While not every post is suitable for stats, you can introduce them to most articles. Similar to other scientific data, they increase the perceived and factual value of a piece, helping you with user engagement and link building. As a result, these posts rank higher in search results and gain more organic traffic.

Using stats and data is crucial when you don’t have anything new to add to the topic but want to extend the word count. Given this is highly engaging information, it will rarely feel stuffy or forced if you add scientific findings to your piece. However, don’t go overboard, as you still need to focus on the main topic.

3. Personal opinions

Although data is crucial for building trust and making a point, we can’t rely on it in every situation. There are various cases where we gain empirical knowledge about the topic based on our long-term experience. By sharing our personal findings and opinions, we can provide unique value to the users.

A great thing about personal opinions is that they’re all different. Unlike scientific data and stats, which are commonly copied from other sources, personal opinions are always unique. We can use them to enrich our content and attract users who are looking for a different point of view.

Similar to stats and scientific data, personal opinions should be used sporadically. They need to add to content, not to take away from it. Focus on your main topic, create a layout, and then, when you think it’s suitable, provide a professional opinion about a situation or phenomenon.

4. Visuals and media

Most website owners neglect visual solutions when they create content. They might take a hero image from an external site, but they won’t bother creating unique graphs, images, and other visuals. Not only is this a missed opportunity, but it’s also something that can hurt your piece. Here are a few things to keep in mind with visual media:

  • Besides the featured image, you should add an image or a photo every 500 words. So, a 1,000-word piece should have 2 images in total, while a 1,500-word piece will have three
  • If you’re embedding YouTube videos, make sure they’re on the top. This content format is highly engaging and will, de facto, force users to stay on the page for a longer time, sending a strong quality signal to Google
  • If you’re explaining a step-by-step process, a good practice is to add an image for each step. You can print-screen different tasks as you go, so that shouldn’t take too much time
  • Don’t add images for the sake of adding images. Use them to better convey information, stat, or scientific data

Always remember that, like your textual content, good images are meant to provide value.

5. Writing style and tone

Writing style is something you should always pay attention to when creating content. To ensure the best possible engagement, you need to explain complex topics as if you’re talking to kids. Given that your piece will be read by all sorts of users, this is the best way to get the most from each one of them.

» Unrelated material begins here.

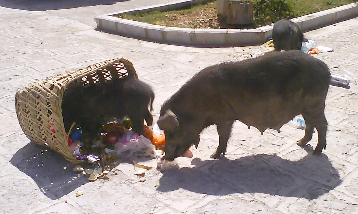 Tibetan pigs, sow and two of its piglets searching food in the trashcan of Pota tso natural reserve national park in Xianggelila, Yunnan province, China.

The writing style and tone are even more important for longer content than the shorter posts. As you need to ensure that the visitors stay on the page, every sentence matters toward that goal. Short mistakes or even bad information can cut your interactions much shorter.

6. Fluff and obstructions

Related to the previous entry, it’s vital that you remove anything that would seem excessive. While you’re trying to “chew” complex topics so everyone understands them and you’re also trying to provide unique opinions, that doesn’t mean you should use unimportant information.

Fluff basically refers to any text that doesn’t serve any purpose and is there to boost the total word count. Sometimes, writers have to walk a thin line where they’re trying to add as much scientific data, stats, and opinions as possible while avoiding any excess. In these situations, you need to analyze each sentence and paragraph to determine whether it adds value or takes away from the post.


By following the tricks in this article, you can get the most from your word count. Even if you go with enormous pieces, you can maximize user engagement by taking a value-driven approach to the content. As a result, you can answer the search intent much better and ensure higher placement within search rankings.